Google Cloud Professional Cloud Architect — Question 223
A large healthcare provider's primary electronic health record (EHR) application runs on Compute Engine instances with a Cloud SQL for PostgreSQL database, all located in the us-west1 region. A new regulatory mandate requires you to implement and document a business continuity plan (BCP). This plan must ensure that the EHR application can be fully recovered and operational in a different geographical region with a recovery time objective (RTO) of two hours and a recovery point objective (RPO) of 15 minutes. You need to design a disaster recovery strategy that meets these strict BCP requirements. What should you do?
Answer options
- A. Deploy active managed instance groups (MIGs) in both us-west1 and us-east1, fronted by a global external HTTP(S) Load Balancer. For the database, use a cross-region read replica in us-east1, and rely on load balancer health checks to automatically fail over all traffic during an outage.
- B. Use Terraform to define the application’s compute infrastructure. During a disaster, configure the Cloud SQL database in us-west1 to use a cross-region read replica in us-east1, build the environment in us-east1, and promote the replica.
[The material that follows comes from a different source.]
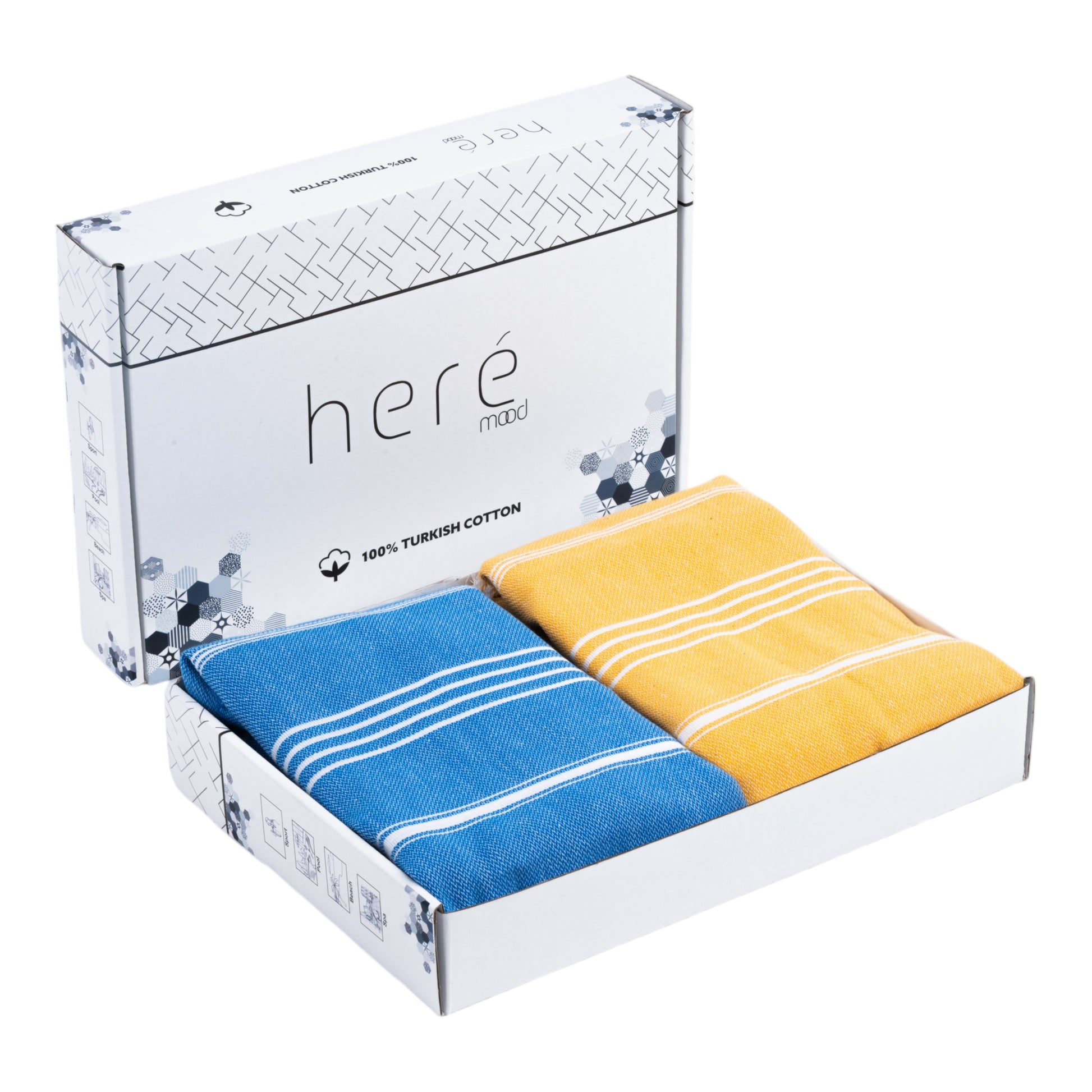 Here Mood %100 Pamuk Tatil Peştemal Seti (Mavi/Sarı)
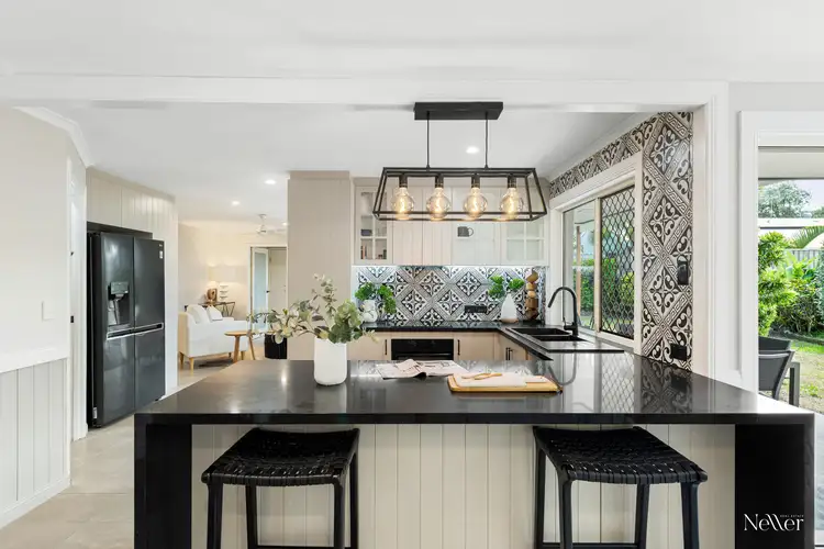 Comprising three bedrooms, two bathrooms, elegant new kitchen with walk-in pantry, two separate living areas, north facing covered patio with fly-over awning, new laundry, and double carport plus gated side access to park caravan or boat – it is the perfect size for a couple or small family, with a child and pet-friendly yard.

- C. Take daily snapshots of the Compute Engine disks and Cloud SQL database. Copy these snapshots to a Cloud Storage bucket in us-east1. During a disaster, manually restore the virtual machines (VMs) and database from the latest snapshots
- D. Deploy a regional MIG in us-west1 for high availability, and rely on the Google Cloud SLA to ensure the region remains online.
Correct answer: A
Explanation
Option A is correct because it provides an active solution with redundancy in both regions, ensuring quick recovery through load balancing and cross-region replication. Option B is less effective as it relies on manual promotion of replicas after a disaster, which may not meet the RTO requirement. Option C, while providing backups, relies on manual restoration, which is not aligned with the required RTO and RPO. Option D does not offer a valid strategy for disaster recovery as it does not consider any failover mechanism to another region.